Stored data
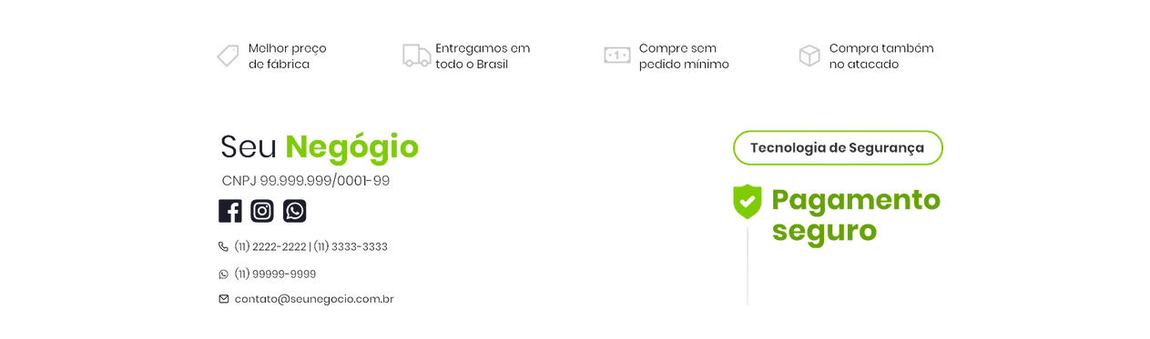 Parcelamos todos os produtos em até 3x sem juros no cartão de crédito. Temos a máquina de cartão da Ton e o link de pagamento.
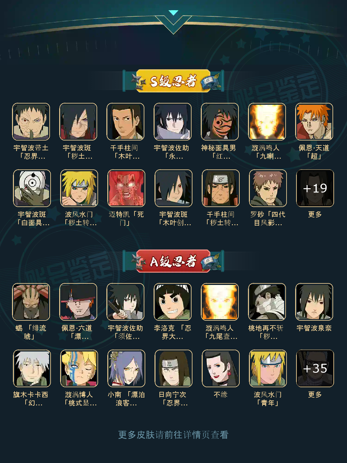 S忍32个;A忍41个,通灵兽21个,S忍:普通纲手猿飞日斩大蛇丸九喇嘛鸣人永恒万花筒佐助仙人自来也百豪纲手死门凯普通自来也豪杰自来也波风水门秽土水门秽土猿飞秽土扉间千手柱间秽土柱间木叶创立柱间秽土斑木叶创立斑秽土解斑须...
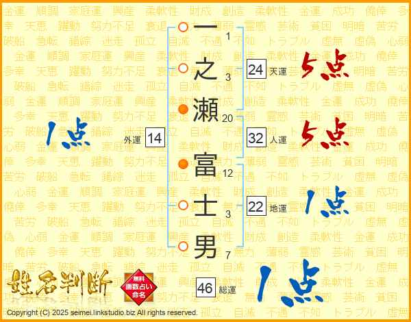 一(1画)之(3画)瀬(20画) 富(12画)士(3画)男(7画)
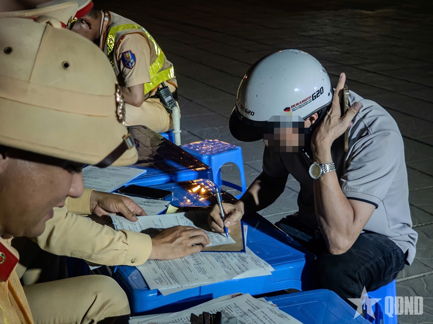 Hà Nội: Cảnh sát giao thông xử lý các trường hợp vi phạm nồng độ cồn trong đêm
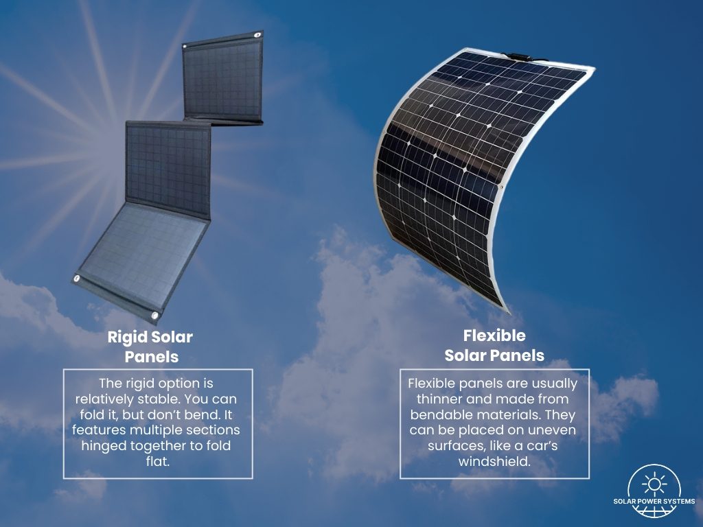 2. Flexible panels are usually thinner and made from bendable materials. They can be placed on uneven surfaces, like a car’s windshield.
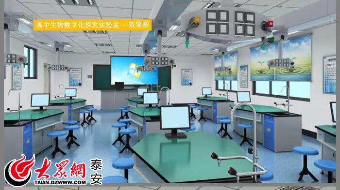 泰安实验中学总建筑面积9.9万平方米,校园西侧是三幢连体教学楼,每个年级相对独立,能容纳60个班规模。连廊内配有国学室、书法室、陶艺室等,内设有四个音乐教室,四个美术教室,四个通用技术实验室,国内先进的理化生吊装实验室各六口,数字探究实验室和学科教室各一口。宽敞明亮的教室内配有绿色环保多功能课桌椅和学生书柜,现代化智慧黑板和电子班牌,班班实现物联互通。
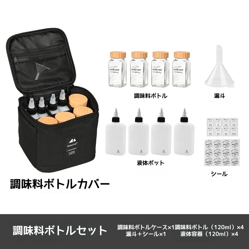 ・ボトル:ガラス(120ml)×4本、液体ボトル(HDPE素材・120ml)×4本
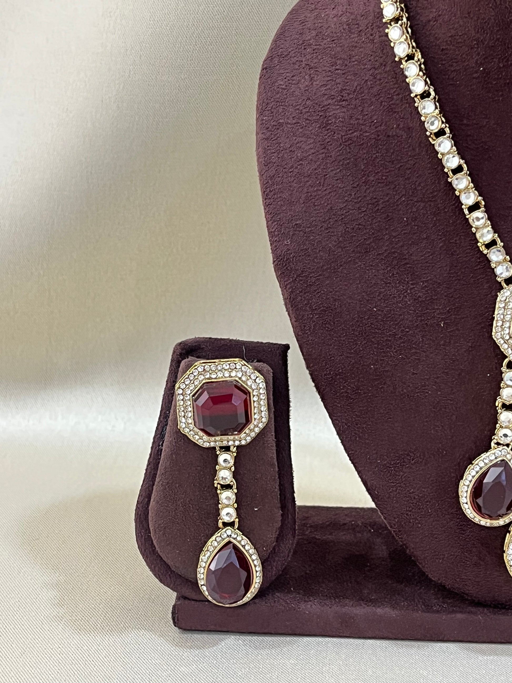 Delicate Kundan Necklace Set - Ruby Red

TRY IT
Write out exactly the lines that run from the one containing "2. Flexible panels" to the last line of the entries above, both ends kept, pictures left out.

OUTPUT OF THE EXERCISE
 2. Flexible panels are usually thinner and made from bendable materials. They can be placed on uneven surfaces, like a car’s windshield.
 泰安实验中学总建筑面积9.9万平方米,校园西侧是三幢连体教学楼,每个年级相对独立,能容纳60个班规模。连廊内配有国学室、书法室、陶艺室等,内设有四个音乐教室,四个美术教室,四个通用技术实验室,国内先进的理化生吊装实验室各六口,数字探究实验室和学科教室各一口。宽敞明亮的教室内配有绿色环保多功能课桌椅和学生书柜,现代化智慧黑板和电子班牌,班班实现物联互通。
 ・ボトル:ガラス(120ml)×4本、液体ボトル(HDPE素材・120ml)×4本
 Delicate Kundan Necklace Set - Ruby Red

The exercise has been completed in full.